Having said that I actually have to admit that I did not take much advantage of this fact. I still need a lot of practice to ride a fully loaded bike on challenging terrains.
Before heading to Guinea we noticed that notoriously enough it did not appear on the travel route of hardly any tourists, backpackers, overlanders, bikers, etc. Burkina and Ghana promised to be kind of Thailand of the West Africa, where everybody was heading to whereas Guinea was kind of none- existent.
So when I met a Belgian couple who were coming from there I was so excited to ask about Guinea, about the roads, if it was worth it or not and the first thing we did with Maximilan was to sit down and go over their route in Guinea. It did not take much time to realize that most of the lip stick red colored and beautifully marked main roads on the map were actually only a track, a bad track, a horrible track, where according to Maximilan you even had to cross rivers!
I found it very promising as so far we hadn´t done any off road tracks and something inside me was asking for a little bit of challenge. Only a little bit and what I got was way over my innocent desire of a little bit of off road!
We just got back from the mountain area called Fouta Djalon, where we got lost, trapped and left alone by ourselves and our none existent biking skills. Thanks to mainly stubbornness of David we managed to do more than 350 km of bad tracks, all reddish, up and down as if it was a museum offering all kinds of artifacts: sand, gravel, big stones, volcanic terrain, trenches, channels, corrugations, bridges that should be there but were not, a few little rivers, by the time we realized that the track was not that easy and the way back was already too far we had dropped the bike a few times.
Little by little we moved on and tried to adjust ourselves and our expectations to the red reality that surrounded us in a threatening way. 50 km or max 100 was all what we could do on a day and any way why rush? It was a 100% free of charge experience as we started staying at villagers houses and eating what we could find on the way, most of the time plain rice–for my fine Persian taste bad quality rice- and some sauce made of EITHER peanut OR cassava for as little as 40 cent for 2 people! The water was cheap too as right from the beginning we decided to drink the local water whenever possible and instead save the money for the beer!
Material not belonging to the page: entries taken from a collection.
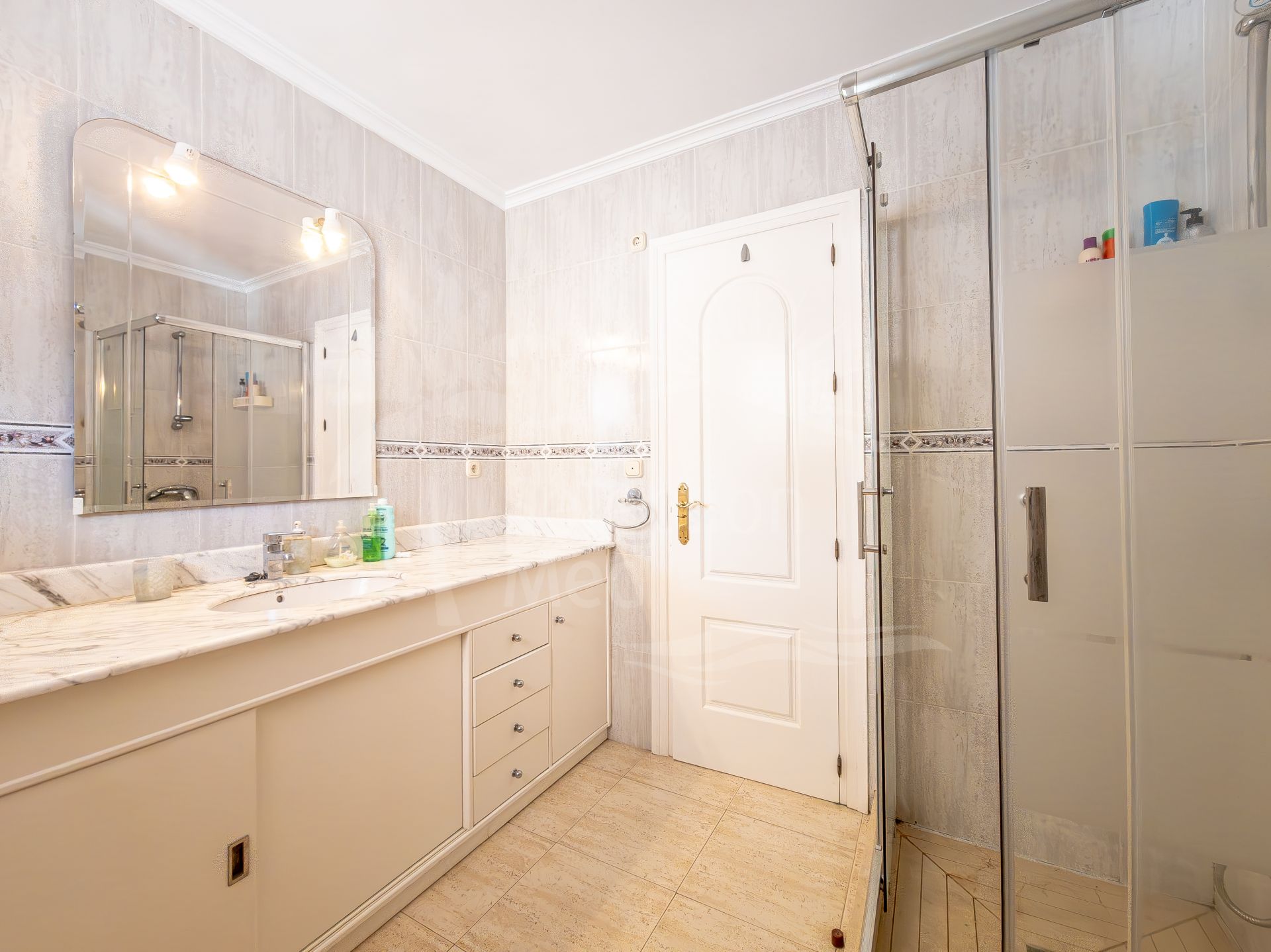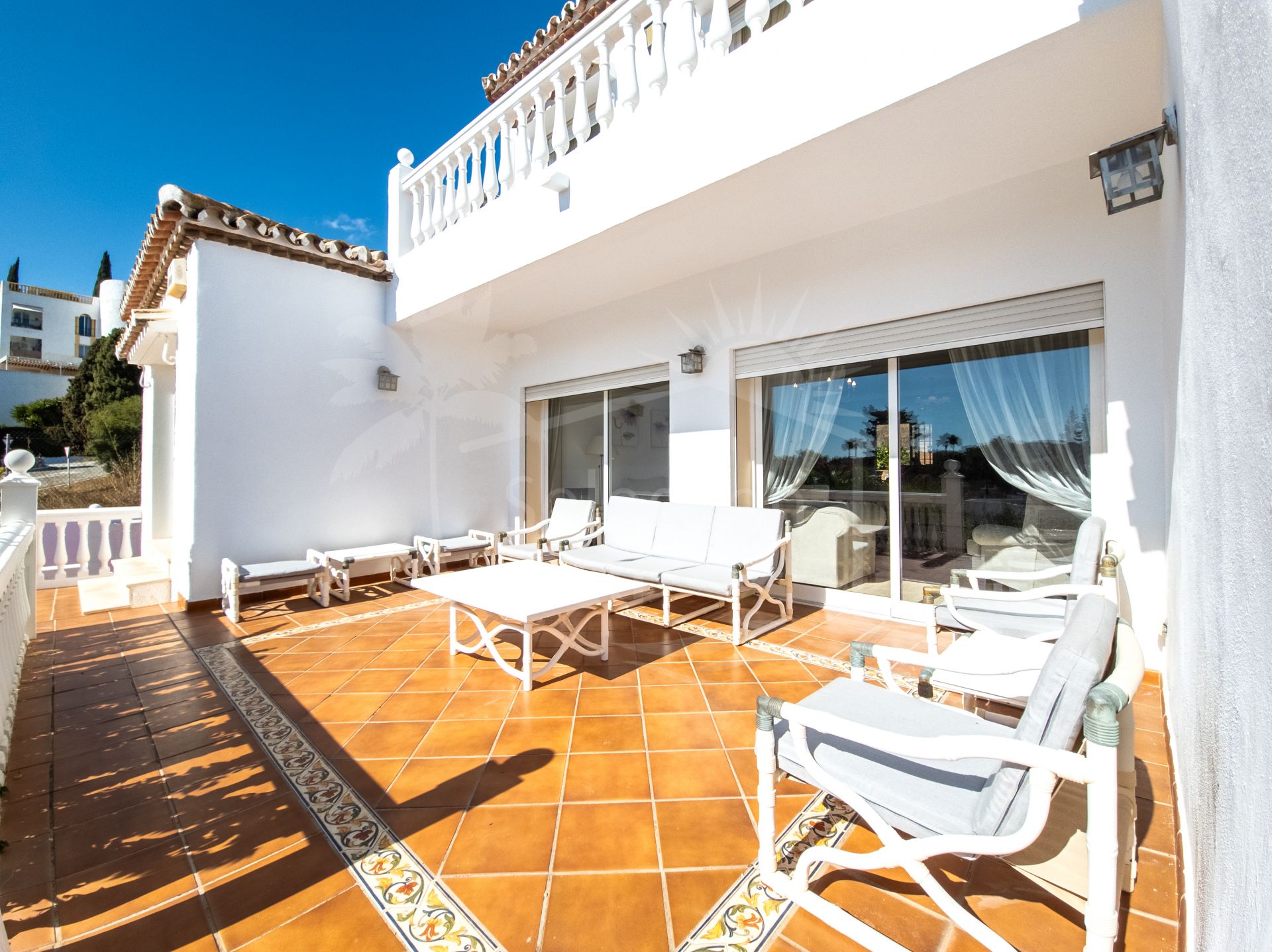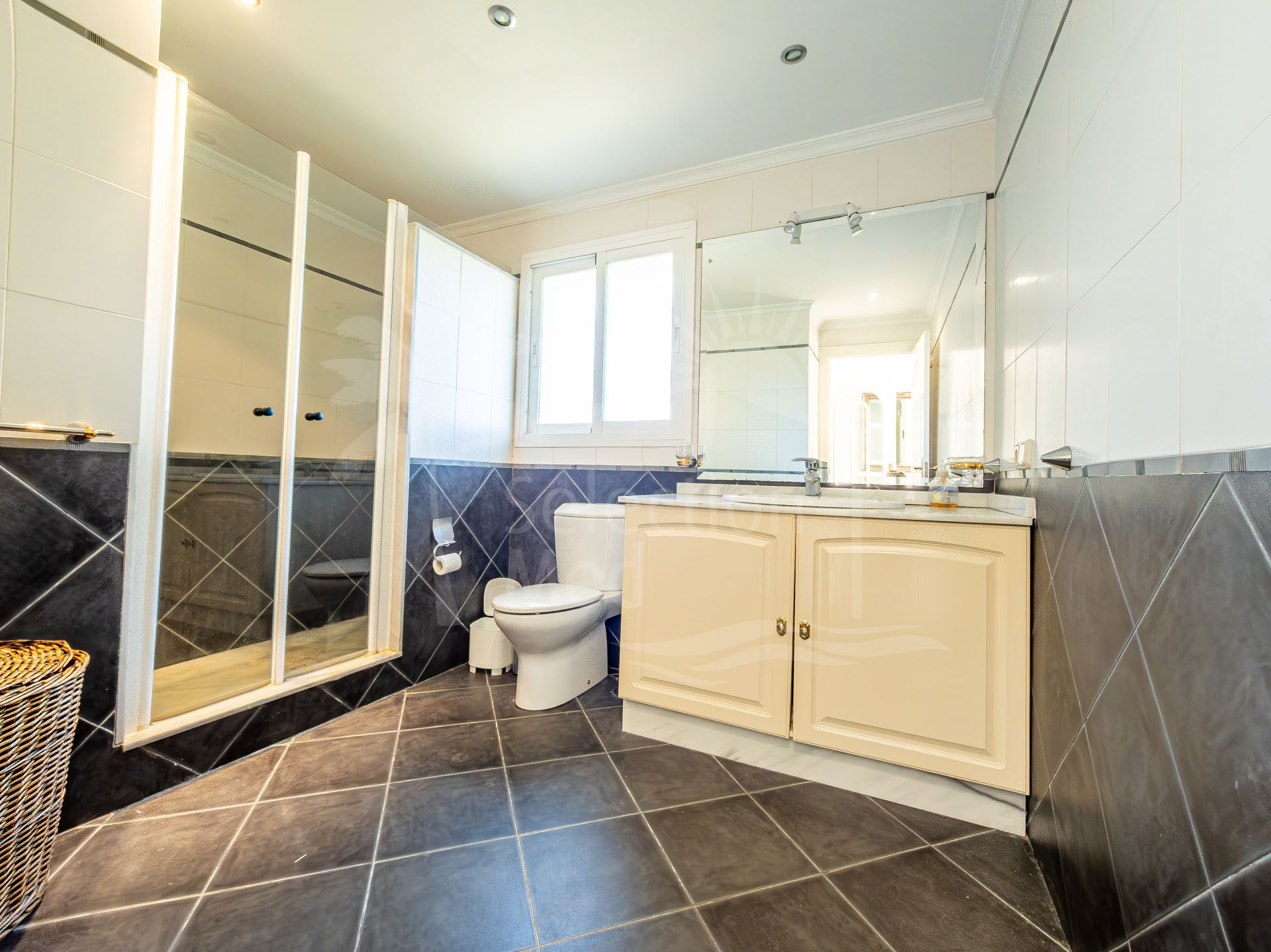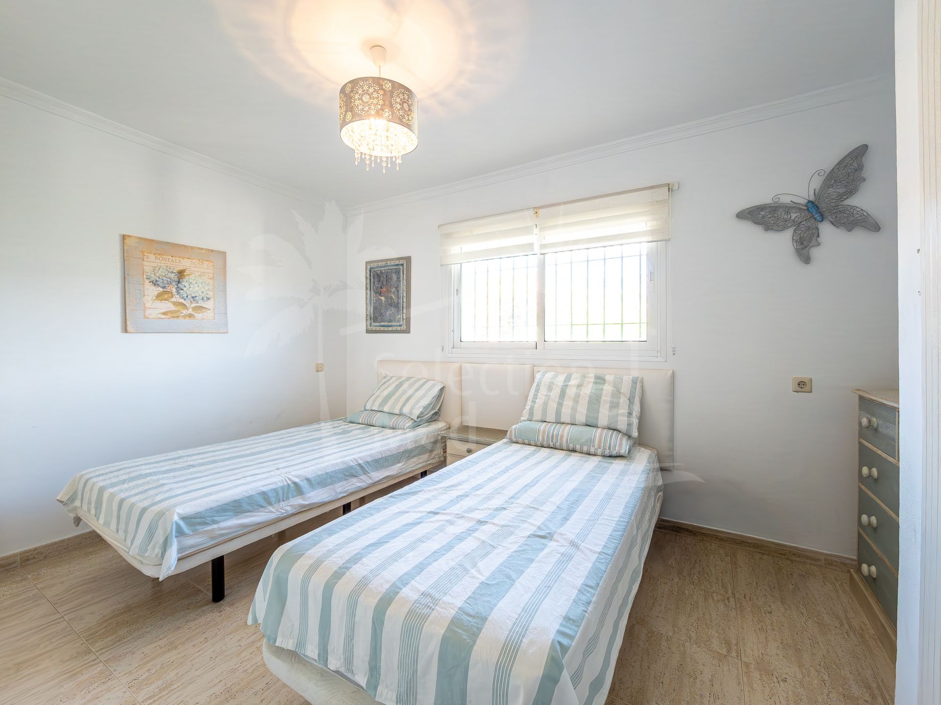 The villa features spacious and versatile accommodation, including five bedrooms and four bathrooms, three of which are en-suite. The interior presents a large living room, a dedicated dining area, and a well-equipped kitchen, complemented by a an office / bedroom for functionality. A guest room, guest toilet, and a ground floor patio further enhance the layout, while the private terrace, balcony, and covered terrace allow for seamless indoor-outdoor living. The property is wheelchair-accessible and in good condition, with significant potential for renovation to suit individual tastes.
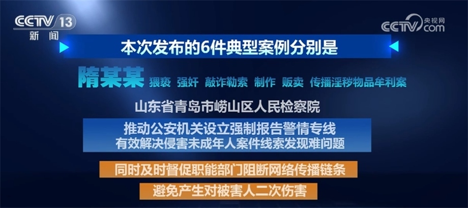 隋某某猥褻、強(qiáng)奸、敲詐勒索、制作、販賣、傳播淫穢物品牟利案。山東省青島市嶗山區(qū)人民檢察院推動公安機(jī)關(guān)設(shè)立強(qiáng)制報告警情專線,有效解決侵害未成年人案件線索發(fā)現(xiàn)難問題。同時,及時督促職能部門阻斷網(wǎng)絡(luò)傳播鏈條,避免產(chǎn)生對被害人二次傷害。
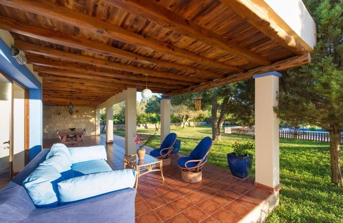 Nestled within Mediterranean greenery, the spacious villa “Casa Carla Ibiza” is located in a quiet area in Nuestra Señora de Jesús and is the perfect accommodation for families who are seeking a relaxing holiday. The property, which boasts rustic charm, offers a mountain view and consists of a living room, a very well-equipped kitchen with a dishwasher, 4 bedrooms (all with double beds and air conditioning), 3 bathrooms in the house (the main bathroom has a hot tub) as well as one bathroom with a shower outside by the pool and can therefore accommodate 8 people. Additional amenities include Wi-Fi, air conditioning, a washing machine, a fireplace, satellite and cable television with Canal+, children’s books and toys, a baby cot and a highchair. In your private outdoor area you will find a large garden with children’s swings, a covered terrace with a small outdoor kitchen with 2 ceramic hobs, a fridge, a wine fridge, a barbecue, a comfortable couch and a dining table. There is also an open terrace, a pool and an outdoor shower. The spacious, furnished patio invites you to enjoy delicious barbecued meals with your family and to end the evening with a glass of wine while you gaze upon the starry sky. A small selection of bars and restaurants can be reached in approximately 5 minutes by car and the nearest supermarket is located a 4-minute drive away (1.5 km). In approximately 10 by minutes by car you will reach the centre of the town of Ibiza where you will find a great selection of shops, restaurants, bars and cafes. Playa Talamanca beach awaits your visit just a 7-minute drive away (3.3 km) where you can spend the day with the whole family and create unforgettable holiday memories.

After 450 km of potholed troubled roads where for the first time in the whole journey we fell off the bike as well as the 350 km of terrible tracks it seems that the worse is still to come as in 2 days we´ll be heading for Senegal borders and the sealed road will stop in Labe, the last major city in Guinea giving the way to one of the most horrible roads/tracks/or call it hell where according to some people you´ll do at most 200 km in 8 hours!
Yes this is Guinea, my last chance to become an acceptable rider!
didn’t see this one until now.
Glad you made it…Guinea is quite adventurous 🙂
And hi to the other poster..Tony from Belgium.
grts
max.
Hi Max,
Where on earth are you? Yes I miss Guinea and wonder if it has changed a lot ;). Take care and happy travels.
Now you know why there are no tourists in Guinea!
Congratulation, you are a ‘real’ biker now.